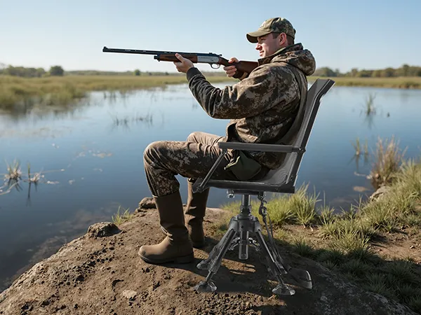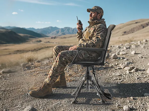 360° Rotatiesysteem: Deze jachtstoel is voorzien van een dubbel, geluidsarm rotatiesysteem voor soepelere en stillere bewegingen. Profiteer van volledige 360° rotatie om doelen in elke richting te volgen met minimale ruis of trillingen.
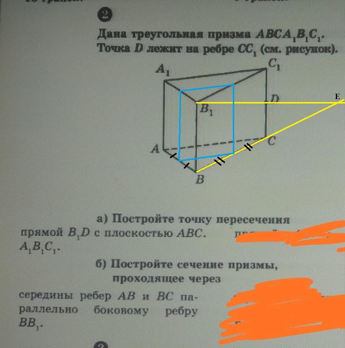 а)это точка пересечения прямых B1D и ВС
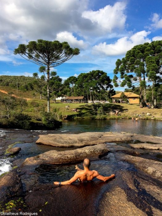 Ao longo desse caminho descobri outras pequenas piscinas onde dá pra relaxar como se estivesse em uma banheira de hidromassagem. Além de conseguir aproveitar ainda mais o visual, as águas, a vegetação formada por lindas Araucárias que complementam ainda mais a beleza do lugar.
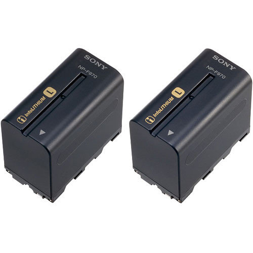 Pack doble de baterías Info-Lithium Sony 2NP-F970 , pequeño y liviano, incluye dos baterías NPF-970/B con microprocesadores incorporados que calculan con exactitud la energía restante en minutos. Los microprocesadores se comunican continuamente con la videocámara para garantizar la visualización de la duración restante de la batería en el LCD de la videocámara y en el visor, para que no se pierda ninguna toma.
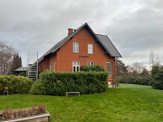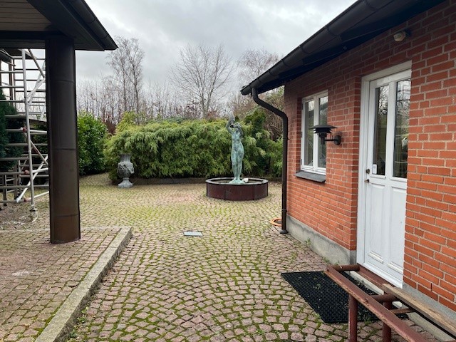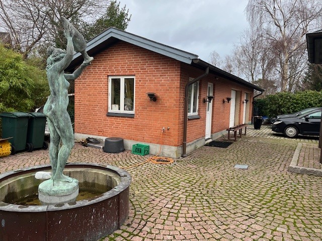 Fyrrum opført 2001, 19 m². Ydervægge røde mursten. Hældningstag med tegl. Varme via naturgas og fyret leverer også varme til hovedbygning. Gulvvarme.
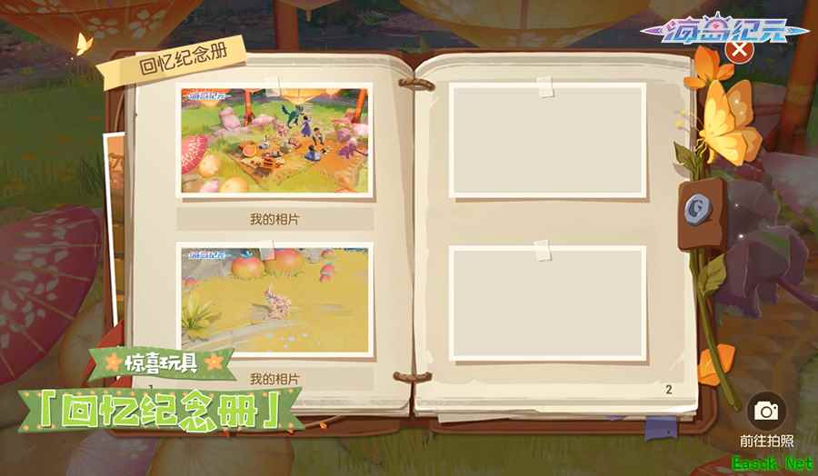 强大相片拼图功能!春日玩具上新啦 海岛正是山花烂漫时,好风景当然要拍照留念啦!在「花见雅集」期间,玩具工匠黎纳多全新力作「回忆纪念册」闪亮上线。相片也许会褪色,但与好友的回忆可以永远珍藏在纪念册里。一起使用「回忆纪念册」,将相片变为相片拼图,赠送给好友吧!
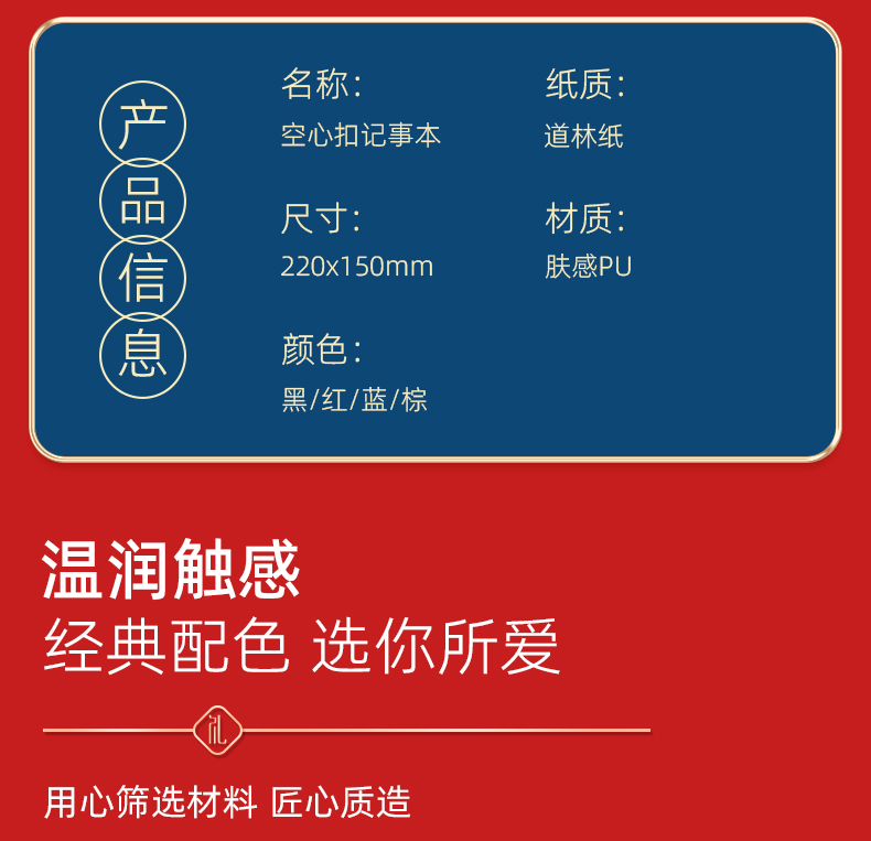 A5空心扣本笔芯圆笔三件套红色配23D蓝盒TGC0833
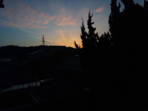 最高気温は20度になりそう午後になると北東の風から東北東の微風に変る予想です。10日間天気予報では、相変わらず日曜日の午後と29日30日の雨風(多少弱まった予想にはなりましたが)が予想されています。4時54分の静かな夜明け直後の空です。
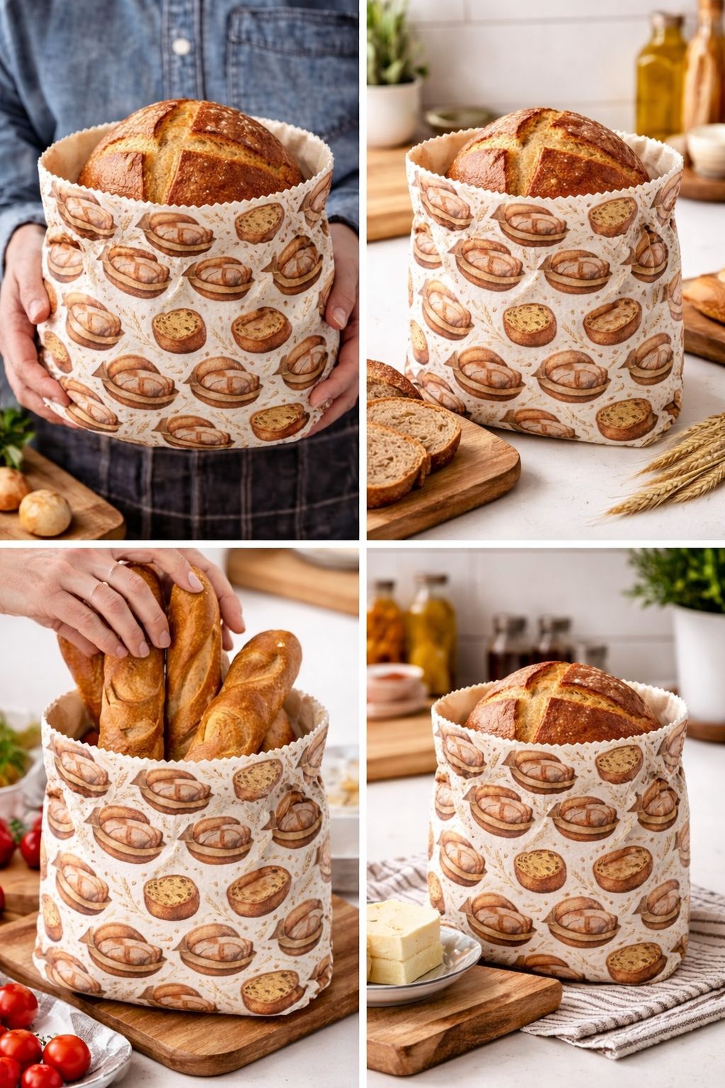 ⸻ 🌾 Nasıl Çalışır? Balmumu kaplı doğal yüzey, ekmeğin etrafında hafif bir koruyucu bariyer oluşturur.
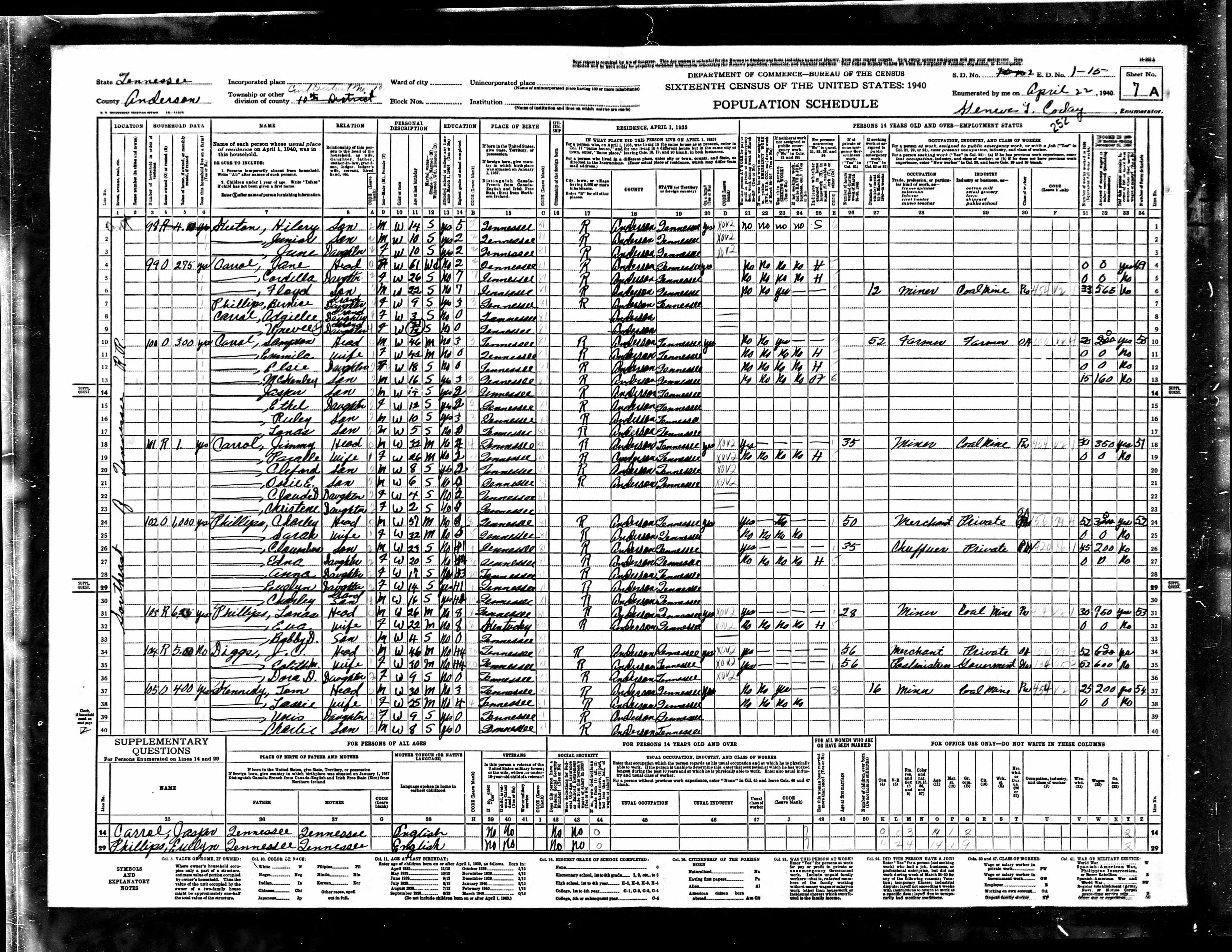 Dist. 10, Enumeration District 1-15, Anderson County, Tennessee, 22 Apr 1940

▶ Work to be completed:
Exactly the lines from the start of the entries above through the line with "а)это точка пересечения прямых B1D и ВС" should be reproduced, and nothing else; drop the pictures.

▶ Result below:
 360° Rotatiesysteem: Deze jachtstoel is voorzien van een dubbel, geluidsarm rotatiesysteem voor soepelere en stillere bewegingen. Profiteer van volledige 360° rotatie om doelen in elke richting te volgen met minimale ruis of trillingen.
 а)это точка пересечения прямых B1D и ВС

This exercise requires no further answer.